AdaCore
- Type: Private
- Founded: 1994
- Founders: Cyrille Comar; Robert Dewar; Franco Gasperoni; Richard Kenner; Edmond Schonberg;
- Headquarters: New York and Paris
- Products: GNAT Pro; SPARK Pro; GNAT Pro for C/C++; GNAT Pro for Rust; GNAT Dynamic Analysis Suite; GNAT Static Analysis Suite; CodeSonar;
- Owner: Battery Ventures
- Number of employees: 200 (2026)
- Website: adacore.com

= AdaCore =

Software company

AdaCore is a privately held software company that develops programming tools for high-integrity systems in Ada, SPARK, C/C++, and Rust. Headquartered in New York City and Paris, the company was founded in 1994 and supplies development and verification tools used in the aerospace, defense, automotive, rail, and medical device industries.

== History ==
AdaCore's origins lie in an academic project at New York University that began around 1980, when concerns about whether the newly designed Ada language was implementable led the US Air Force to a contract to NYU to build an executable definition of it. The resulting Ada/Ed system, an interpreter written in the high-level set-theoretic language SETL, served as an operational definition of Ada 83.

When Ada underwent its first major revision (Ada 9X, which became Ada 95), the NYU team received a contract from the US Air Force to prototype the new language features and give feedback to the design team, then led by Tucker Taft. This was to be a compiler, not an interpreter. The GNAT project started in 1992; the contract required the GNU General Public License for all development. GNAT, the GNU NYU Ada Translator, was an Ada front-end for the GNU Compiler Collection (GCC) compiler suite. The front-end was developed by the New York University team led by Robert Dewar and Edmond Schonberg, while a Florida State University team under Theodore Baker designed the original concurrency components of the runtime. Richard Kenner was the main author of “Gigi”, the GNAT to GNU interface that sat between the Ada components of the front end and GCC.
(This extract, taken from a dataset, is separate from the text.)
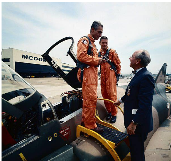
図2 F4ファントム戦闘機と国王

1964年10月、議会がアメリカ軍関係者と、その軍事顧問に外交特権を付与する法案を通過させ、続いて武器購入のため、アメリカからの2億ドルの借款に同意すると、同月27日、ホメイニは、コム自邸の前でこれらの議会の措置を強く否定する声明を行った。

In August 1994, members of the NYU team created Ada Core Technologies, Inc. in New York, founded by Dewar, Schonberg, and Kenner, launching with a contract in hand from Silicon Graphics. A Paris-based sister company, ACT Europe, was founded soon after, and led by Cyrille Comar and Franco Gasperoni, to serve the European market. The two companies become one company officially in 2012, but had been operating as one earlier.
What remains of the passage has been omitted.